__INSTRUCTIONS FOR THE TASK__:
Under this line is some data; print exactly the lines from the one containing "青菜のピリ辛にんにく炒め" through its last line, without pictures.

----- INPUT DATA

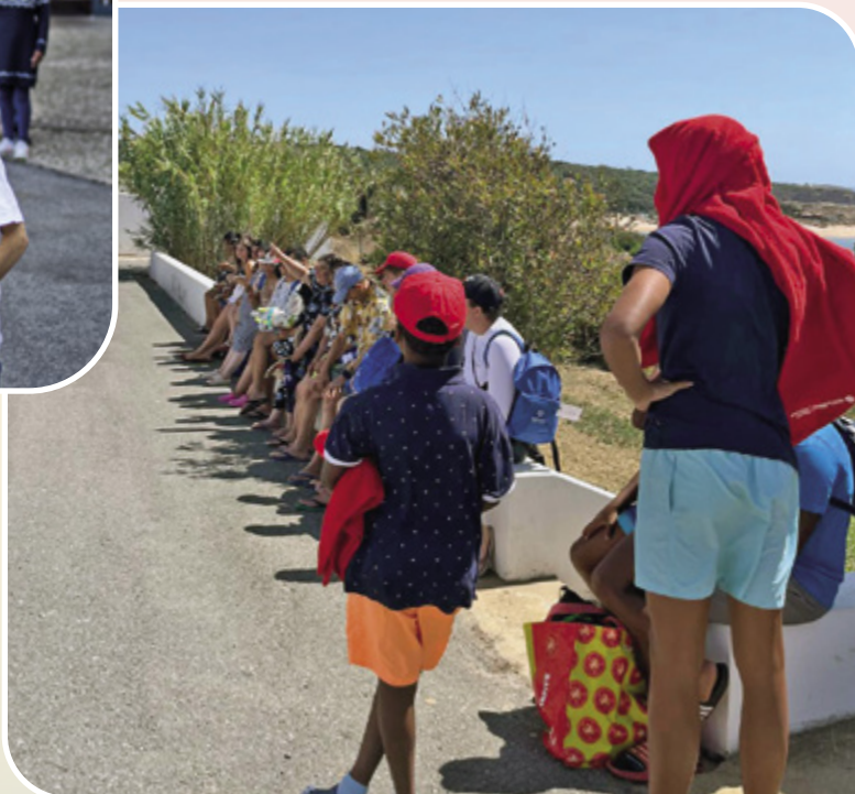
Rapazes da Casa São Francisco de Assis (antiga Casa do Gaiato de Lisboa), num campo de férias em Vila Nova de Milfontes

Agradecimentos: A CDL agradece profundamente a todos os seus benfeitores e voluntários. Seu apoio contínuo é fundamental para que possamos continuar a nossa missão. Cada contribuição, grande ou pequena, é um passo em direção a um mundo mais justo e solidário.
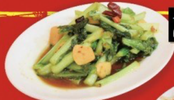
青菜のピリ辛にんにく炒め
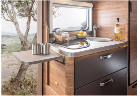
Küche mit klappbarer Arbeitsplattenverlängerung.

----------

__ANSWER FOR THE TASK__:
青菜のピリ辛にんにく炒め
Küche mit klappbarer Arbeitsplattenverlängerung.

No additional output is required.